Michael James David Powell (29 July 1936 – 19 April 2015) was a British mathematician, who worked in the Department of Applied Mathematics and Theoretical Physics (DAMTP) at the University of Cambridge.

==Education and early life==
Born in London, Powell was educated at Frensham Heights School and Eastbourne College. He earned his Bachelor of Arts degree followed by a Doctor of Science (DSc) degree in 1979 at the University of Cambridge.

==Career and research==
Powell was known for his extensive work in numerical analysis, especially nonlinear optimisation and approximation. He was a founding member of the Institute of Mathematics and its Applications and a founding editor-in-chief of IMA Journal of Numerical Analysis.
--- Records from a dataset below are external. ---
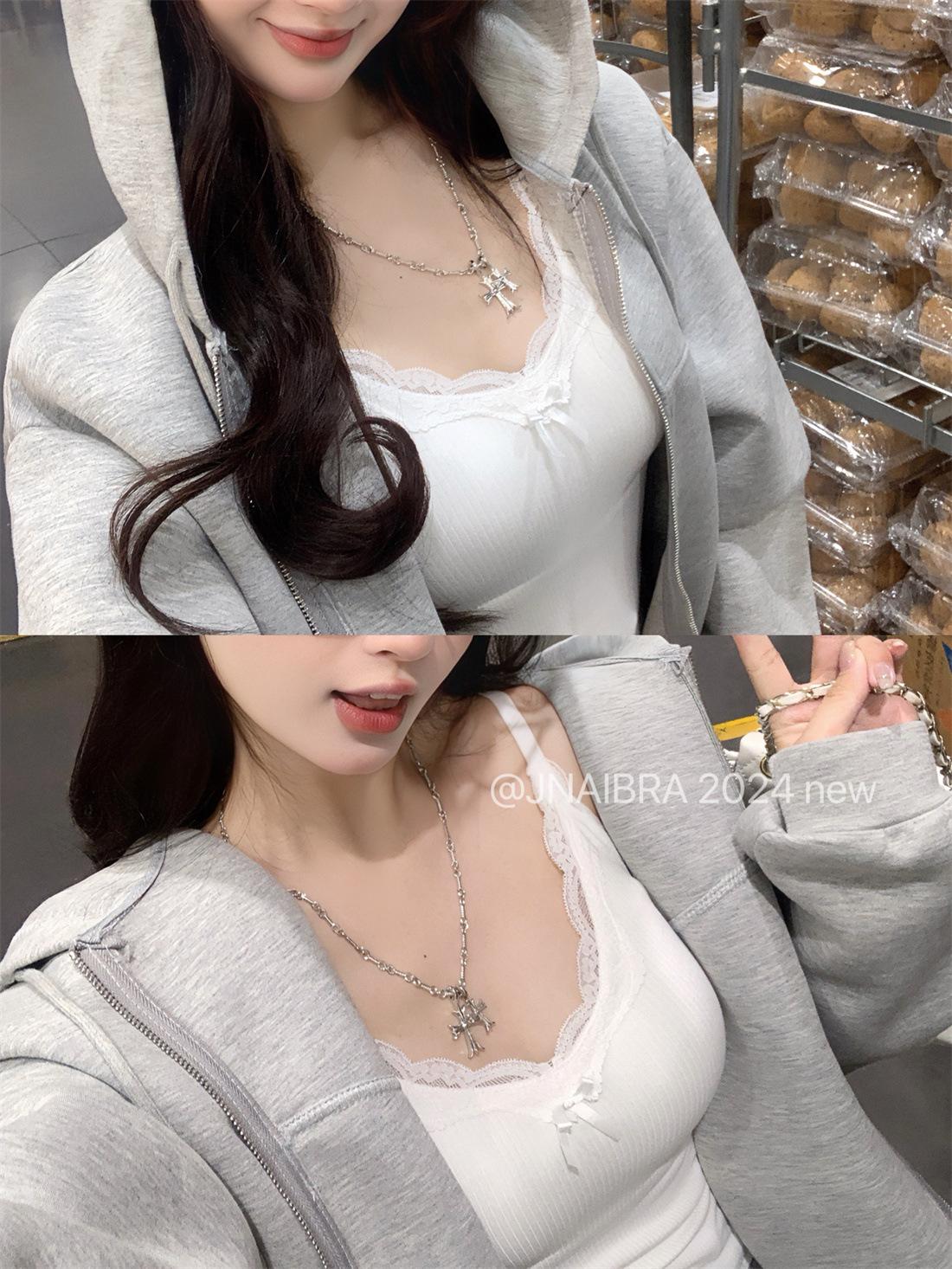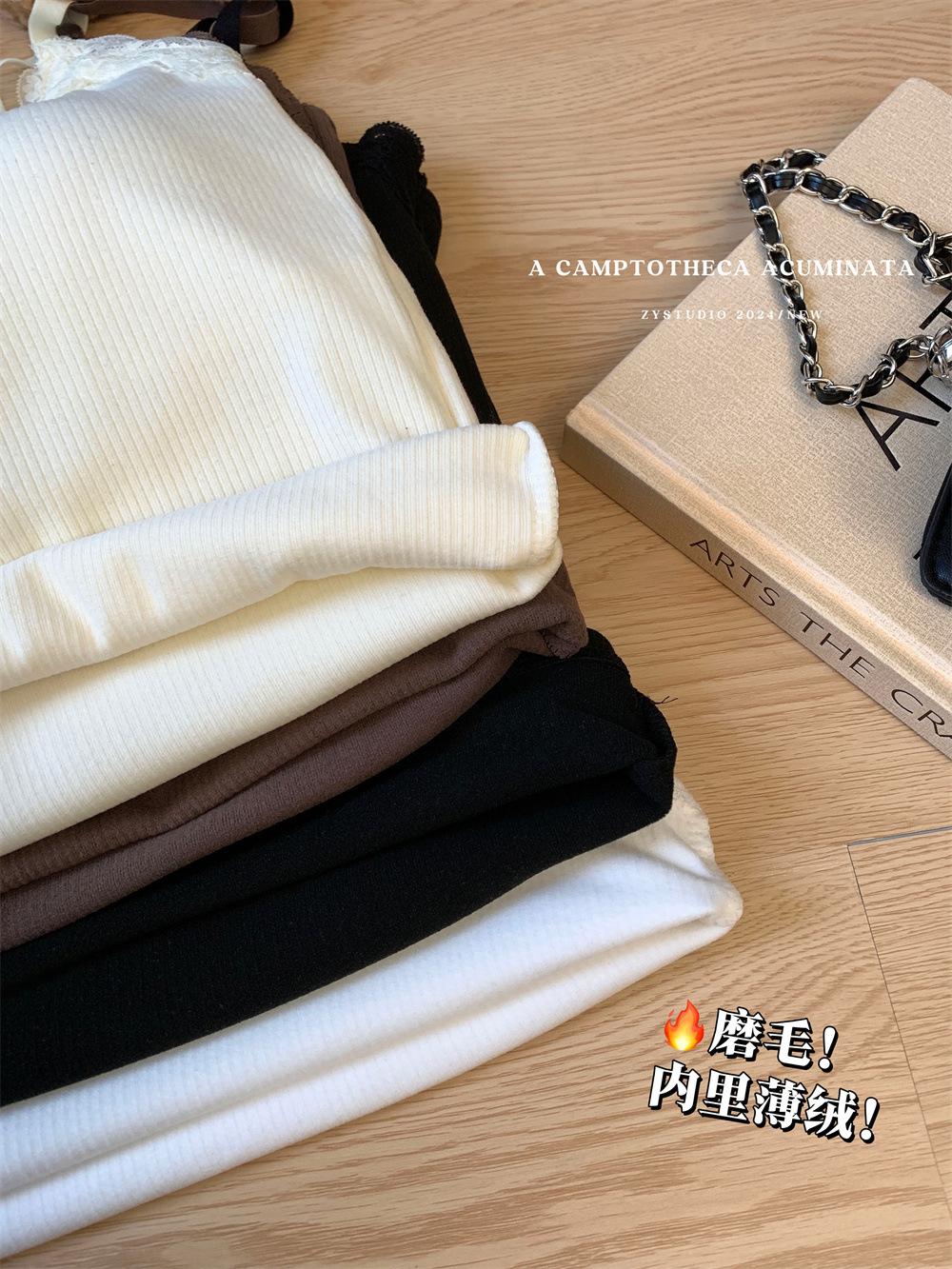 Camisola Térmica de Encaje de Cachemira para Otoño e Invierno para Mujer con Almohadilla Fija en el Pecho, Ropa Térmica Interior Gruesa, Ajustada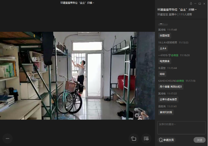 )通过网络直播的方式,对有需求检查与清扫的同学宿舍,通过线上互动的方式共同完成对宿舍的清理。参与此活动的人员主要为每日大赛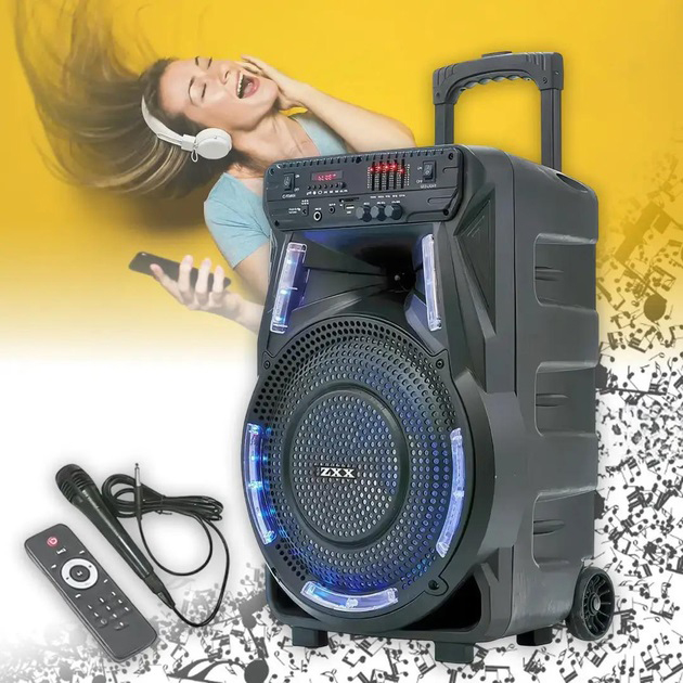 Професійна акумуляторна акустична система ZXX-1011 800 Вт 15" зі світломузикою та мікрофонамиПрофессиональная аккумуляторная акустическая система ZXX-1011 800 Вт 15″ со светомузыкой и микрофонами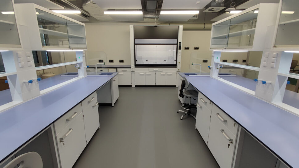 Laboratoria zostały wyposażone w stoły wyspowe z mediami, dygestoria, szafy do przechowywania substancji chemicznych, stoły przyścienne oraz wagowe.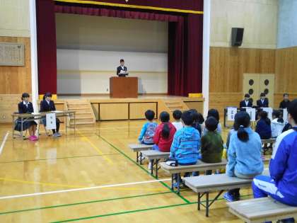 新しい児生会の役員を選ぶ選挙がありました。立ち会い演説会で,立候補者からどんな児生会にしていきたいのか考えを聞き,選びます。どの立候補者も壇上で緊張することなくしっかり自分の考えを発表していて,今までの伝統が生かされていると思いました。初めての1年生や転校生も,書き方を教えてもらって,大事な1票を投票箱に入れました。新しい児生会でさらに良い学校になるように,33人力を合わせてがんばりましょう。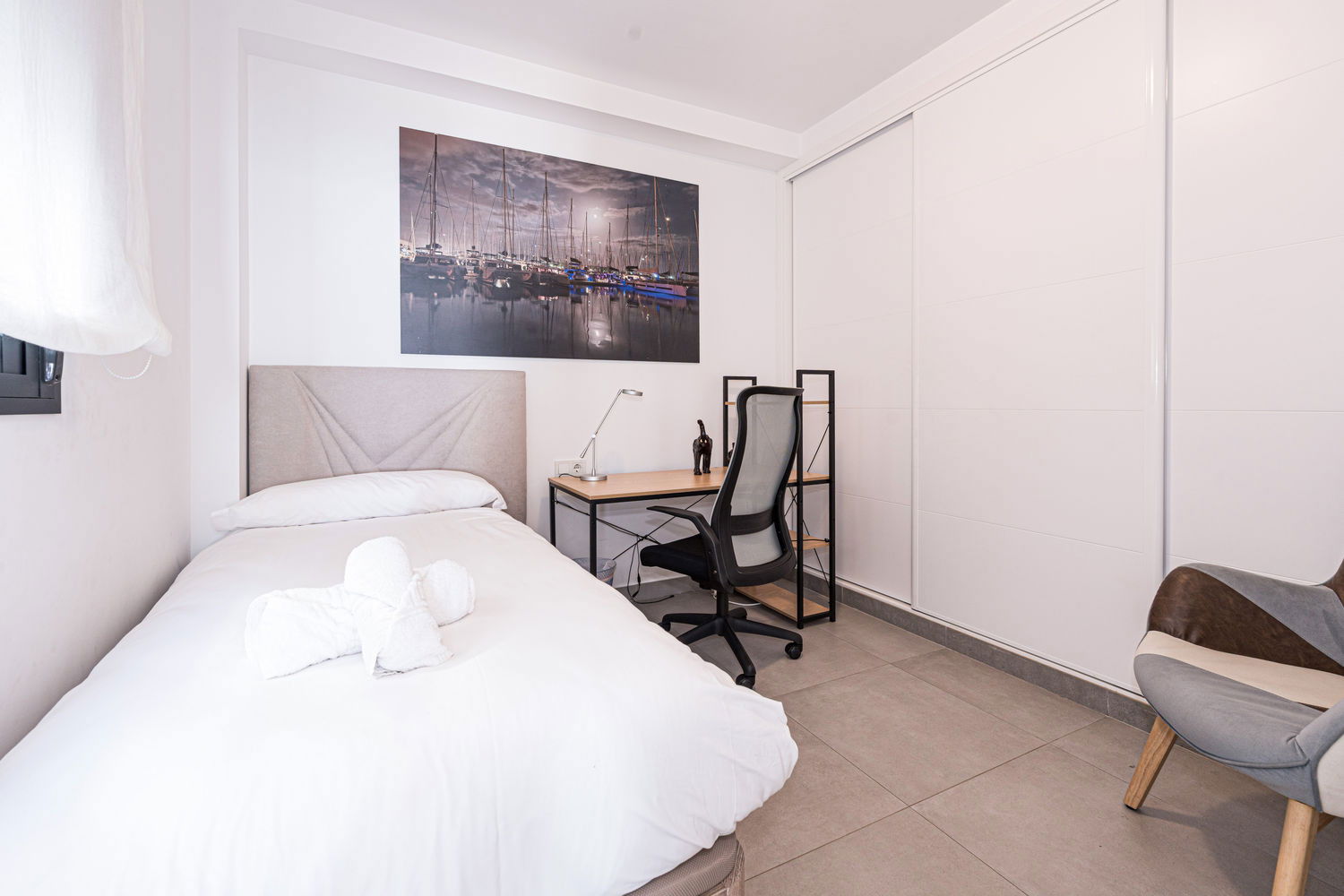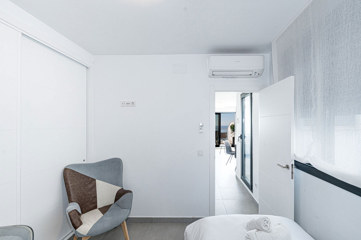 From the ground floor you will be greeted by a bright living room that opens onto the spacious terrace with panoramic views that will take your breath away. Also on this floor, you will find a bedroom with a comfortable single bed and a practical desk, ideal for those moments when you need a quiet space to work or relax.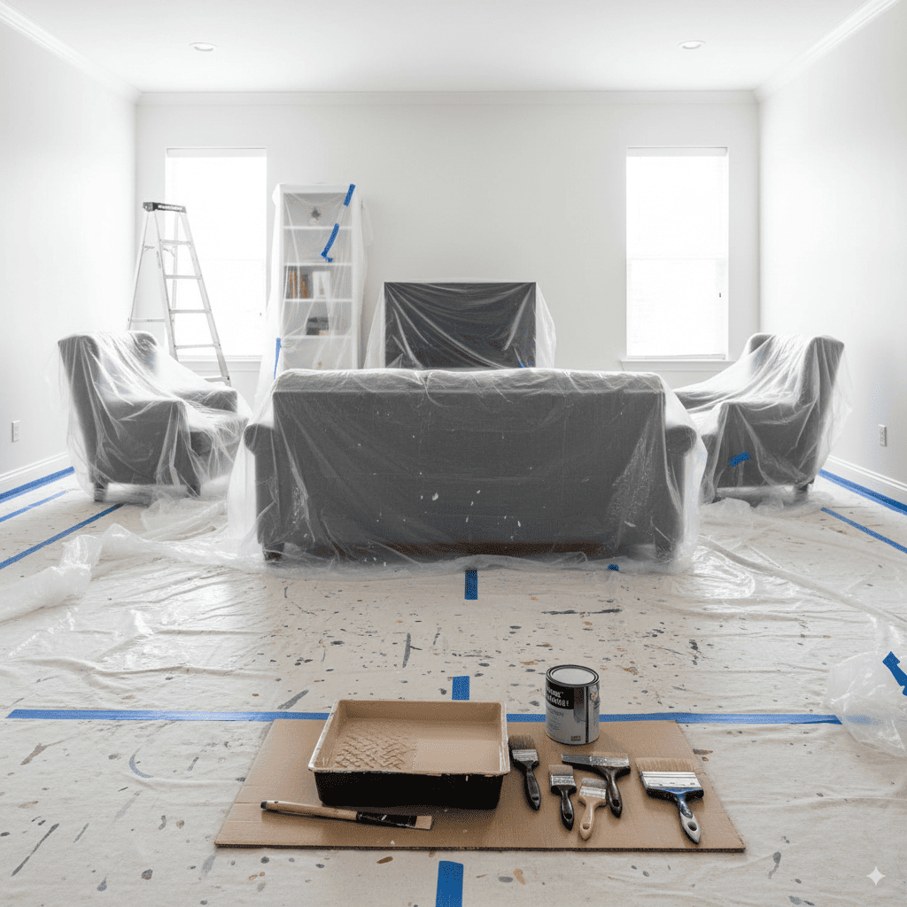 Protección completa de mobiliario, lijado y reparación de superficies, aplicación de imprimaciones específicas. Cada paso es crucial para el resultado final.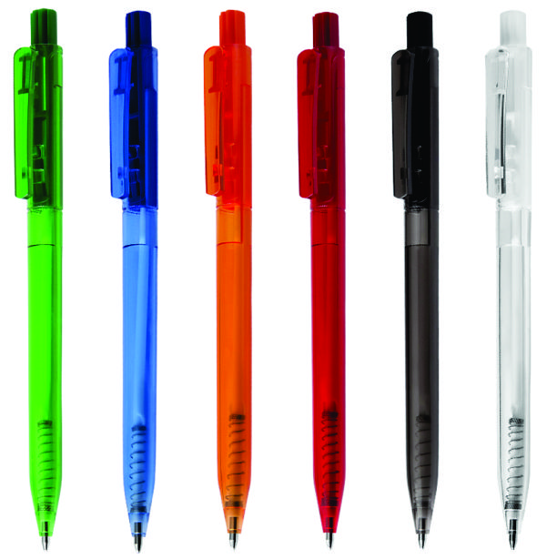 Caneta plástica esferográfica retrátil escrita em azul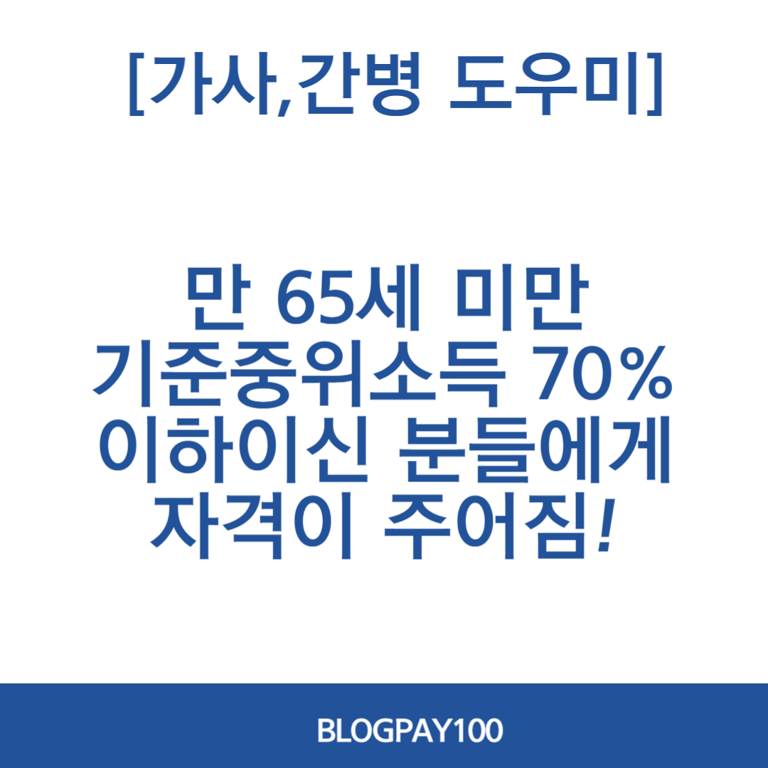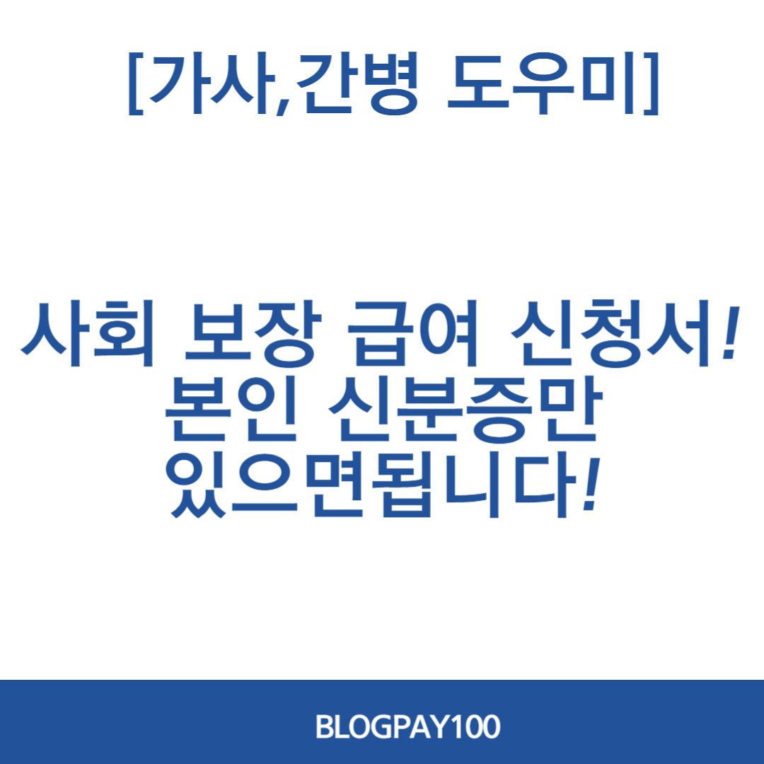 ✅ 일상생활 그리고 사회 생활이 어려운 저소득층 분들에게 [가사,간병] 방문 도움을 받을 수 있는 지원을 정부에서 지원하고 있습니다. 최대 월 40만원 이상의 가사도우미 지원금을 받을 수 있다고 하니 아래 신청 링크 및 자격에 대해서 알려드리도록 하겠습니다.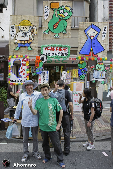 かっぱ橋本通りの有名人、田中画伯と原画伯。今日は、似顔絵を描くパフォーマンスも開催されますよ。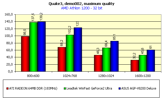 Этот тест нам просто показывает положение флагмана 3D-игровой графики в линейке чипсетов от NVIDIA. Хорошо видно, что в 16- битном цвете GeForce3 отстает от предшественника GeForce2 Ultra (мы уже говорили об этом в нашем первом обзоре), но зато в 32-битном цвете это безусловный король. Видеокарта ASUS AGP-V8200 Deluxe продемонстрировала производительность на уровне ранее рассмотренных карт на этом чипсете.
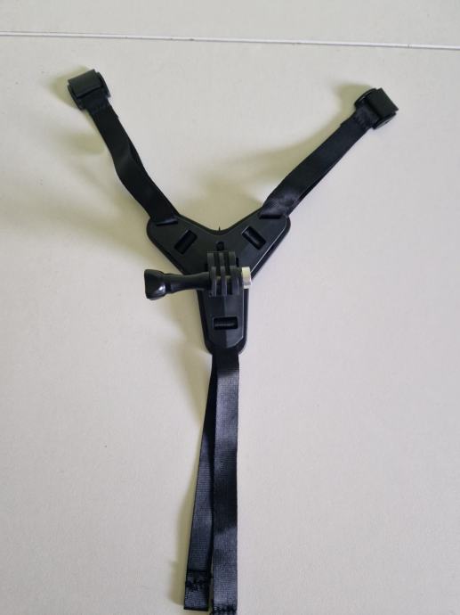 Prodajem novi, nekorišteni nosač akcijskih kamera koji se postavlja na kacigu. Učvršćuje se za kacigu pomoću 2 trake na stezanje.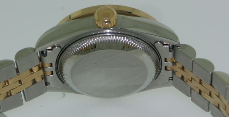 Ladies Rolex Oyster Perpetual Datejust 18kt gold and stainless steel model 79173 with diamonds on the bezel (over 1cttw).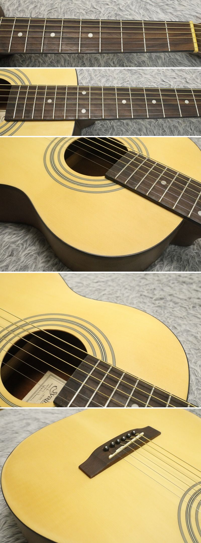 | 商品名/状態 | ●送料無料《北海道・沖縄・離島除く》● 中古 S.Yairi ミニギター YM-16N 動作良好品〔ER-2852〕 ご覧いただきありがとうございます。 S.Yairi(エス・ヤイリ)のミニアコースティックギター「YM-16N」の出品です。 ●モデル:YM-16N ●スケール:約590mm(18フレット) ●ナット幅:約42mm ●弦高(12フレット):6弦 約3.0mm/1弦 約2.5mm(弾きやすい設定) ●ネック:ほぼ真っ直ぐで良好な状態です ●重量:約1.7kg ●ボディ材構成: ・トップ:ラミネート・スプルース ・サイド&バック:ラミネート・アガチス ・ネック:ナトー ・指板/ブリッジ:ローズウッド ■状態■ ・ヘッドに塗装の白濁が見られます。 ・その他、小さな擦り傷や打痕はありますが、全体的に綺麗な印象です。 ・ネックコンディションは良好で、演奏性に問題はありません。 ■付属品■ ※ケースは付属しません。 軽量で持ち運びやすく、自宅練習やアウトドア、旅行用などにも最適な1本です。 初心者の方やサブギターをお探しの方にもおすすめです。 中古品にご理解いただける方のご入札をお願いいたします。 ※現状品、古い楽器にご理解あられる方のみご検討・ご入札下さい。 ノー クレーム・ノーリターンにてお願い致します。 |
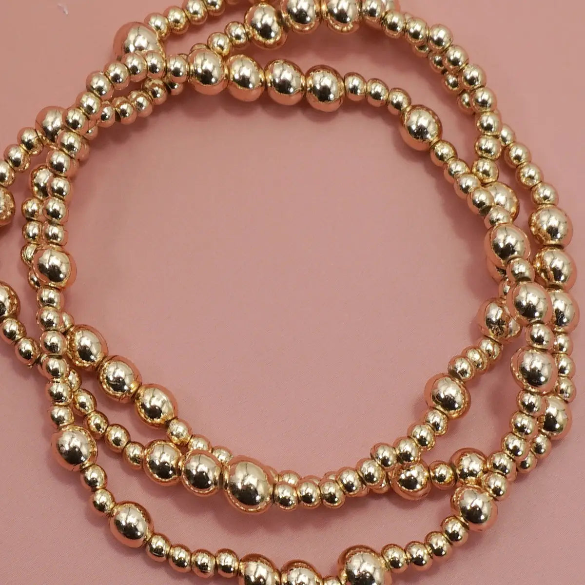 Elevate your everyday style with this stunning multi-layer bracelet featuring delicate ball chains in lustrous gold. Each strand drapes gracefully on your wrist, creating an effortlessly sophisticated look that transitions seamlessly from day to night. The lightweight design ensures all-day comfort, while the timeless gold finish pairs beautifully with any outfit. Perfect for layering or wearing solo, this piece adds just the right touch of elegance to your jewelry collection.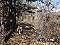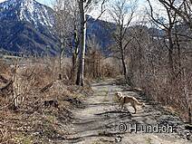Nel mezzo ci sono dei sentieri che portano direttamente al fiume. Kaya gode di questi già ora (hanno oggi 20 gradi) per sfogarsi davvero e rinfrescarsi.

His mathematical contributions include quasi-Newton methods, particularly the Davidon–Fletcher–Powell formula and the Powell's Symmetric Broyden formula, augmented Lagrangian function (also called Powell–Rockafellar penalty function), sequential quadratic programming method (also called as Wilson–Han–Powell method), trust region algorithms (Powell's dog leg method), conjugate direction method (also called Powell's method), and radial basis function. He had been working on derivative-free optimization algorithms in recent years, the resultant algorithms including COBYLA, UOBYQA, NEWUOA, BOBYQA, and LINCOA. He was the author of numerous scientific papers and of several books, most notably Approximation Theory and Methods.

===Awards and honours===
Powell won several awards, including the George B. Dantzig Prize from the Mathematical Programming Society/Society for Industrial and Applied Mathematics (SIAM) and the Naylor Prize from the London Mathematical Society. Powell was elected a Foreign Associate of the National Academy of Sciences of the United States in 2001 and as a corresponding fellow to the Australian Academy of Science in 2007.